__Exercise goal__:
All the records that follow need to be reproduced exactly. Omit the images.

———

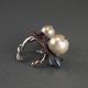 略带红色的银色镶有看起来温和的棉珍珠。
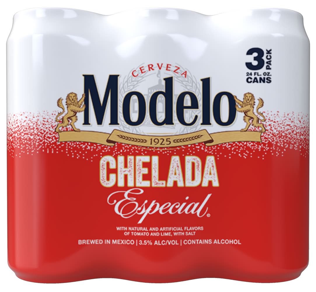 Flavored beer blends tomato, salt, and lime with authentic mexican beer for delicious, well balanced taste in a classic michelada style beer that embodies mexico's vibrancy. • Brand: Modelo • Flavor: Assorted • Pack size: 3 • Alcohol by volume: 3.5% • Suggested glassware: pint glass, snifter/goblet/chalice
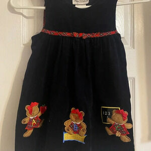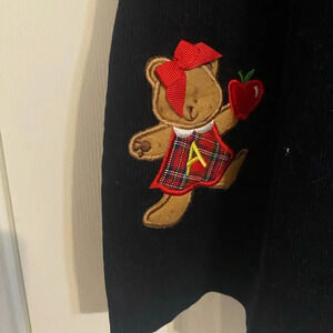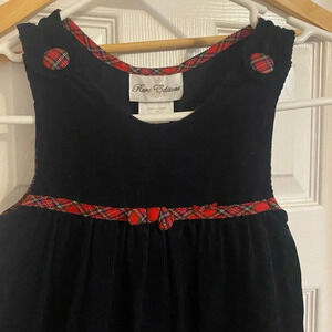 The cutest navy blue jumper with red plaid buttons and accent on chest
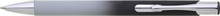 Hliníková propiska se stříbrnými doplňky a měkkým pogumovaným soft povrchem v šedo-černém přechodu. Náplň velkoobsahová, modře píšící.
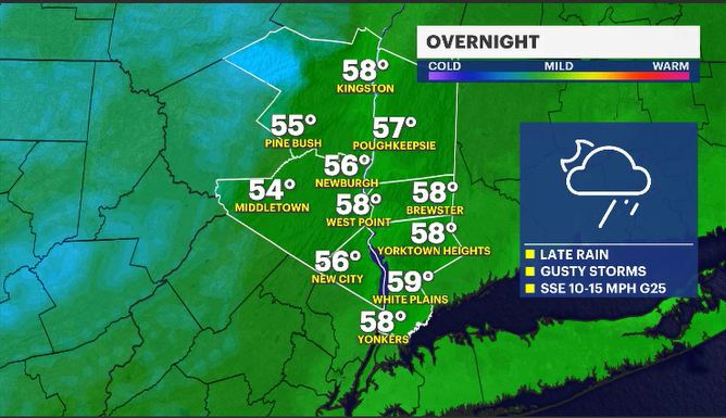 OVERNIGHT: Rain will arrive along with strong winds gusting between 30-40 MPH and could reach around 50 mph. Heavy rain at times into the morning commute. Lows in the upper 50s.
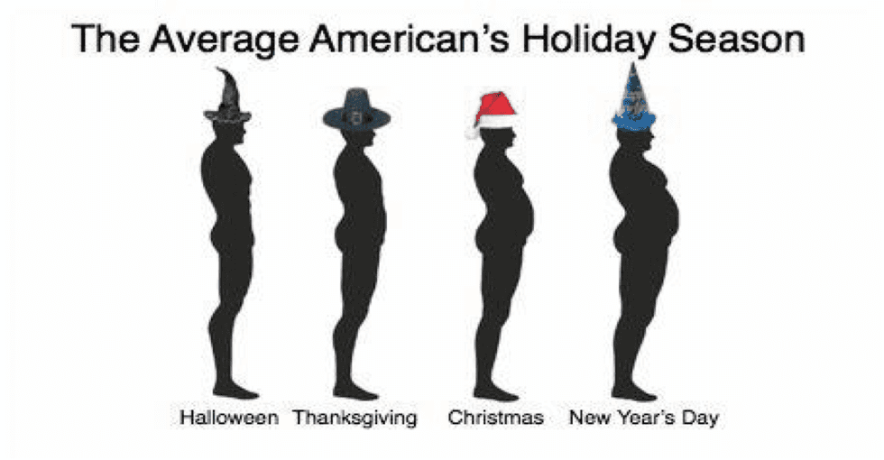 Research shows that people do not lose the weight they gain from winter, so here are a few tricks and tips to not gain that weight! I always find it so hard to eat healthy during the holidays because your family wants you to try everything and they always say, "go back up for seconds!" Some dread the holidays because they know they will gain weight. On average, a US adult consumes 3000 calories at their holiday meal. So enjoy your holiday but don't over eat because you feel obligated!
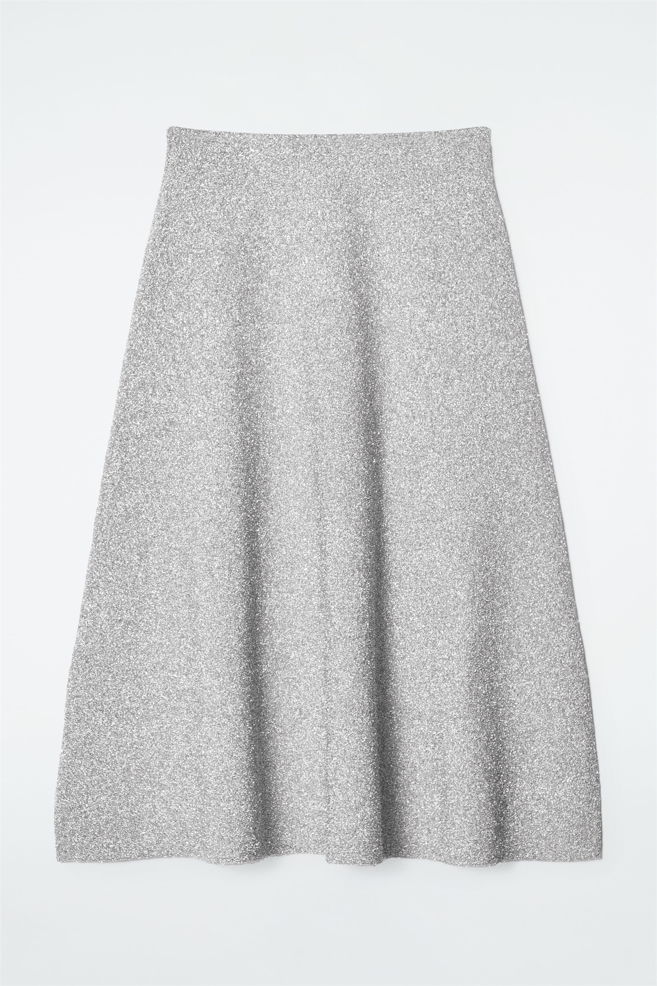 Эта юбка-миди, предваряющая сезон вечеринок, связана из первоклассной мериносовой шерсти с металлизированными волокнами, которые красиво переливаются на свету. Она имеет двойную лицевую сторону с мягкой внутренней частью верблюжьего оттенка и объемный фасон A-line. Для максимального эффекта сочетайте его с джемпером в тон. Изделие содержит шерстяное волокно Responsible Wool Standard TE-00047206 (RWS), произведенное на фермах, сертифицированных в соответствии с требованиями к благополучию животных и землепользованию Шелл: 55% мериносовой шерсти, 23% металлизированного волокна, 18% переработанного полиэстера, 3% переработанного полиамида (переработанного нейлона), 1% эластана. Без учета отделки / Машинная стирка Длина по спинке размера S составляет 80 см / Модель носит размер S
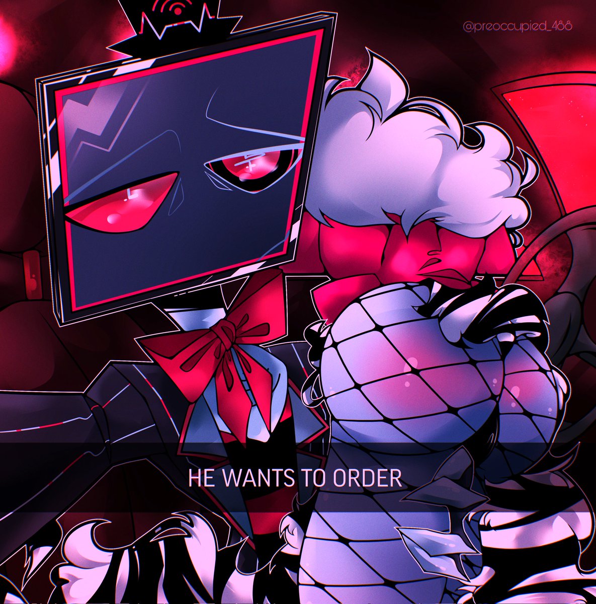 Vox already bought. I couldn't resist this challenge (because drawing Valentino's ass is the meaning of life🦋🖥💙💙). #HazbinHotel #HazbinHotelFanart #HazbinHotelVox #Vox #HazbinHotelValentino #Valentino #VoxVal #StaticMoth
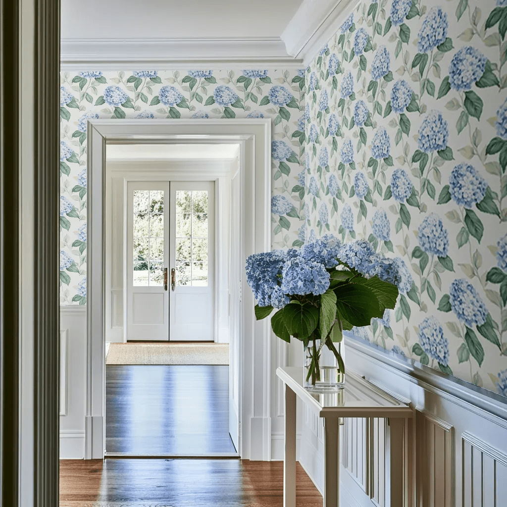 Transform your walls with the timeless charm of our Skylark Bloom wallpaper. Featuring delicate watercolor-style blue hydrangeas paired with soft green leaves, this design brings a refreshing and uplifting feel to your space. Ideal for kitchens, bedrooms, or any room that thrives on natural light and a cheerful atmosphere.
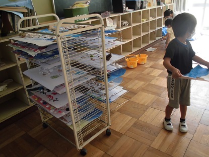 作品を大事に扱うということも、「自分が大切にされているという自己有用感」につながっていく大切な活動です。作品棚に入れるっていうのも、かっこいいよね!
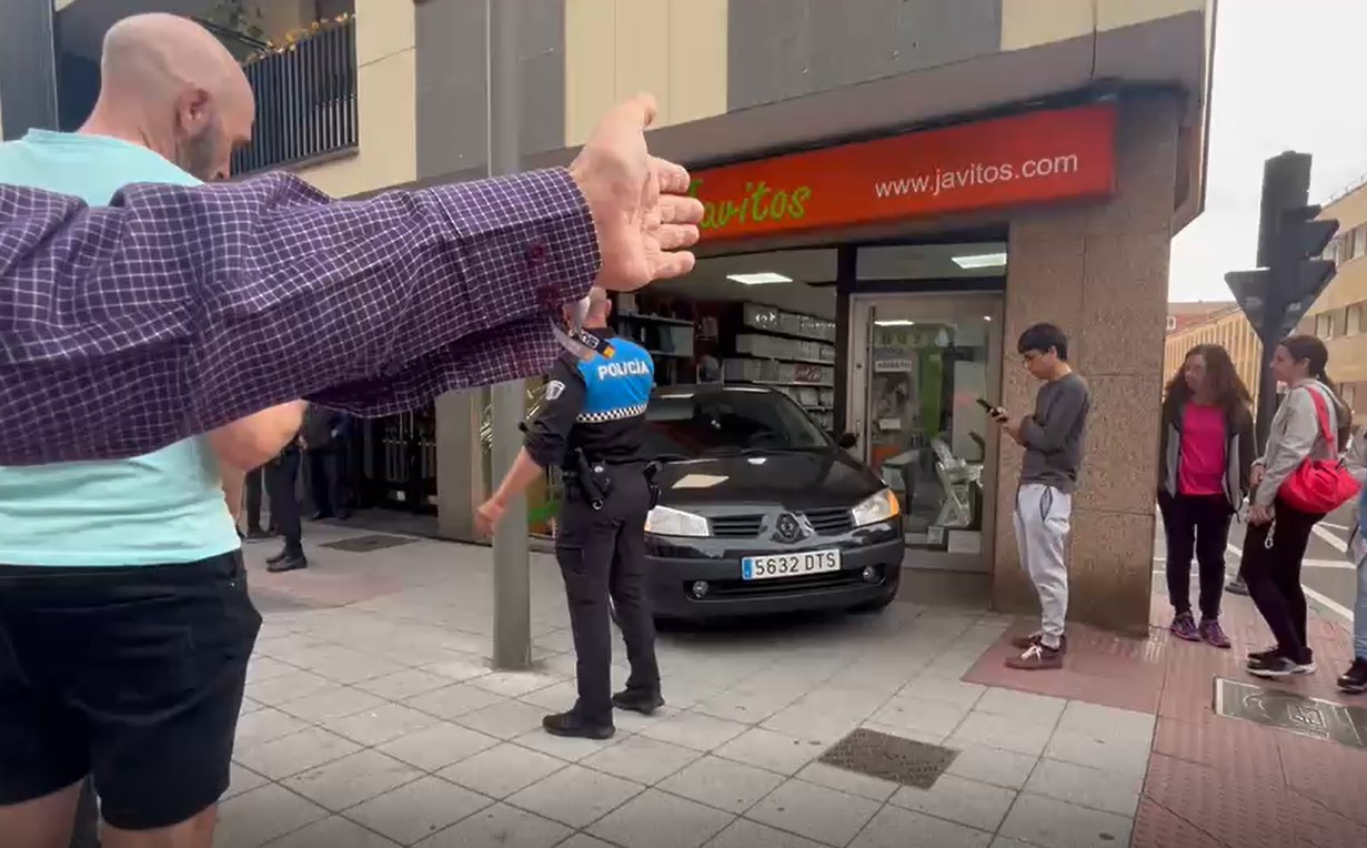 Vídeo | Susto en la Avenida de Villamayor: un coche sin conductor se empotra contra un escaparate

———

__Solution for this exercise__:
 略带红色的银色镶有看起来温和的棉珍珠。
 Flavored beer blends tomato, salt, and lime with authentic mexican beer for delicious, well balanced taste in a classic michelada style beer that embodies mexico's vibrancy. • Brand: Modelo • Flavor: Assorted • Pack size: 3 • Alcohol by volume: 3.5% • Suggested glassware: pint glass, snifter/goblet/chalice
 The cutest navy blue jumper with red plaid buttons and accent on chest
 Hliníková propiska se stříbrnými doplňky a měkkým pogumovaným soft povrchem v šedo-černém přechodu. Náplň velkoobsahová, modře píšící.
 OVERNIGHT: Rain will arrive along with strong winds gusting between 30-40 MPH and could reach around 50 mph. Heavy rain at times into the morning commute. Lows in the upper 50s.
 Research shows that people do not lose the weight they gain from winter, so here are a few tricks and tips to not gain that weight! I always find it so hard to eat healthy during the holidays because your family wants you to try everything and they always say, "go back up for seconds!" Some dread the holidays because they know they will gain weight. On average, a US adult consumes 3000 calories at their holiday meal. So enjoy your holiday but don't over eat because you feel obligated!
 Эта юбка-миди, предваряющая сезон вечеринок, связана из первоклассной мериносовой шерсти с металлизированными волокнами, которые красиво переливаются на свету. Она имеет двойную лицевую сторону с мягкой внутренней частью верблюжьего оттенка и объемный фасон A-line. Для максимального эффекта сочетайте его с джемпером в тон. Изделие содержит шерстяное волокно Responsible Wool Standard TE-00047206 (RWS), произведенное на фермах, сертифицированных в соответствии с требованиями к благополучию животных и землепользованию Шелл: 55% мериносовой шерсти, 23% металлизированного волокна, 18% переработанного полиэстера, 3% переработанного полиамида (переработанного нейлона), 1% эластана. Без учета отделки / Машинная стирка Длина по спинке размера S составляет 80 см / Модель носит размер S
 Vox already bought. I couldn't resist this challenge (because drawing Valentino's ass is the meaning of life🦋🖥💙💙). #HazbinHotel #HazbinHotelFanart #HazbinHotelVox #Vox #HazbinHotelValentino #Valentino #VoxVal #StaticMoth
 Transform your walls with the timeless charm of our Skylark Bloom wallpaper. Featuring delicate watercolor-style blue hydrangeas paired with soft green leaves, this design brings a refreshing and uplifting feel to your space. Ideal for kitchens, bedrooms, or any room that thrives on natural light and a cheerful atmosphere.
 作品を大事に扱うということも、「自分が大切にされているという自己有用感」につながっていく大切な活動です。作品棚に入れるっていうのも、かっこいいよね!
 Vídeo | Susto en la Avenida de Villamayor: un coche sin conductor se empotra contra un escaparate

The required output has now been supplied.